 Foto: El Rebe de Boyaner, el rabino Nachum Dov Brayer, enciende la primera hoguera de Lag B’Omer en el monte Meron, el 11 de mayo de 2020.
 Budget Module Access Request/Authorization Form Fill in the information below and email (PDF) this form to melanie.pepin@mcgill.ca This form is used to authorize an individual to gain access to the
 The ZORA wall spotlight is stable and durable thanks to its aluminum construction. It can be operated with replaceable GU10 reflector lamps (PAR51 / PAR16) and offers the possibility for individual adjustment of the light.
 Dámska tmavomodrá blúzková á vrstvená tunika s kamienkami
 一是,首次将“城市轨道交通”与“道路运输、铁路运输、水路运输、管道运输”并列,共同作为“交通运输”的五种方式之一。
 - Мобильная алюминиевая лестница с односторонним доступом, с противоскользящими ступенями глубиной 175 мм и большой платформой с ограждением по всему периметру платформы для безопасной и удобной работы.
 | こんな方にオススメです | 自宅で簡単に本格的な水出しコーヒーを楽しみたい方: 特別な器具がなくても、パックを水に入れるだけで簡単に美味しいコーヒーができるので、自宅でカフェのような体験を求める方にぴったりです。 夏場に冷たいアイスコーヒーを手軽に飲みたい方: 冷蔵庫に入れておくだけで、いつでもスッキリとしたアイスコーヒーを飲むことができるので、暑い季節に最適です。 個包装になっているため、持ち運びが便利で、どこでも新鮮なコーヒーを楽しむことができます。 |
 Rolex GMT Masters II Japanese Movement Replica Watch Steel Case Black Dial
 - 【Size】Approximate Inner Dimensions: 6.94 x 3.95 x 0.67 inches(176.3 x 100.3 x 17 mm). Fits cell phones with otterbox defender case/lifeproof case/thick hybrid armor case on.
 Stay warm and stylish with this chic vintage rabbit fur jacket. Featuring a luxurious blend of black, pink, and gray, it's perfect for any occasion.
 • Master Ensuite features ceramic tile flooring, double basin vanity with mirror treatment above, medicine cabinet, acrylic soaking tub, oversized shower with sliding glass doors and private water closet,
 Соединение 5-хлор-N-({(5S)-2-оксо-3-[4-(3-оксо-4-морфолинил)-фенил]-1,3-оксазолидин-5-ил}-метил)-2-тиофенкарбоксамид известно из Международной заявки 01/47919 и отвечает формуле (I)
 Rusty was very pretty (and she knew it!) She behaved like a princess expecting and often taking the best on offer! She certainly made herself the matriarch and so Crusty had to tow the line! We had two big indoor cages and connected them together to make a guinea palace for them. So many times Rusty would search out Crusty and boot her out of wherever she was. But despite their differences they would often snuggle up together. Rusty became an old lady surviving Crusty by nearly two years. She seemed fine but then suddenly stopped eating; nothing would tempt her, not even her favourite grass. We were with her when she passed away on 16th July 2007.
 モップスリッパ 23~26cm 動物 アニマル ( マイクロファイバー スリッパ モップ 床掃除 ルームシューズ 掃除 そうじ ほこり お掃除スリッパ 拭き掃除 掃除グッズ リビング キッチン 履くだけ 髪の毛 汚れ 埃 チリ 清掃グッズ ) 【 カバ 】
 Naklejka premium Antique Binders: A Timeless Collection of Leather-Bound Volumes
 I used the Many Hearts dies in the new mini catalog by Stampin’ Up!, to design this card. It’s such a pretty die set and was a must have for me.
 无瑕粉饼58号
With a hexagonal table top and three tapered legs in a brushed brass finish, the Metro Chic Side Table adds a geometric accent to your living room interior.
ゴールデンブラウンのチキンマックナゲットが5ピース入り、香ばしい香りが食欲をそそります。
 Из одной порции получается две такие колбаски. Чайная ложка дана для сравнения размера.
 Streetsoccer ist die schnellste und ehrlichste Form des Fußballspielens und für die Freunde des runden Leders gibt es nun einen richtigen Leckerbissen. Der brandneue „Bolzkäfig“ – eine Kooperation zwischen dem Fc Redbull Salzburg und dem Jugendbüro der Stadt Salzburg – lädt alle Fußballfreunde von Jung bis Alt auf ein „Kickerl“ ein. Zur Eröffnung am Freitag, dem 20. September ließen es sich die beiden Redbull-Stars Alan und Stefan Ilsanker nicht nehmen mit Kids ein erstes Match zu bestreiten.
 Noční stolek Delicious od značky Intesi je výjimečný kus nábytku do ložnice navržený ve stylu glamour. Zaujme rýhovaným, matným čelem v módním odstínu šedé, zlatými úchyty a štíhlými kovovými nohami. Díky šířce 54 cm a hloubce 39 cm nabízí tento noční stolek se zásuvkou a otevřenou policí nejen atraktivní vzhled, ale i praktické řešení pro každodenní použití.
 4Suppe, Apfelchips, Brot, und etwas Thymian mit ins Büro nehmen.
....................
Problem description
Everything above from the line with "Rolex GMT Masters" to the line with "отвечает формуле (I)", both included, must be repeated exactly, and nothing outside that range.

Exercise answer
 Rolex GMT Masters II Japanese Movement Replica Watch Steel Case Black Dial
 - 【Size】Approximate Inner Dimensions: 6.94 x 3.95 x 0.67 inches(176.3 x 100.3 x 17 mm). Fits cell phones with otterbox defender case/lifeproof case/thick hybrid armor case on.
 Stay warm and stylish with this chic vintage rabbit fur jacket. Featuring a luxurious blend of black, pink, and gray, it's perfect for any occasion.
 • Master Ensuite features ceramic tile flooring, double basin vanity with mirror treatment above, medicine cabinet, acrylic soaking tub, oversized shower with sliding glass doors and private water closet,
 Соединение 5-хлор-N-({(5S)-2-оксо-3-[4-(3-оксо-4-морфолинил)-фенил]-1,3-оксазолидин-5-ил}-метил)-2-тиофенкарбоксамид известно из Международной заявки 01/47919 и отвечает формуле (I)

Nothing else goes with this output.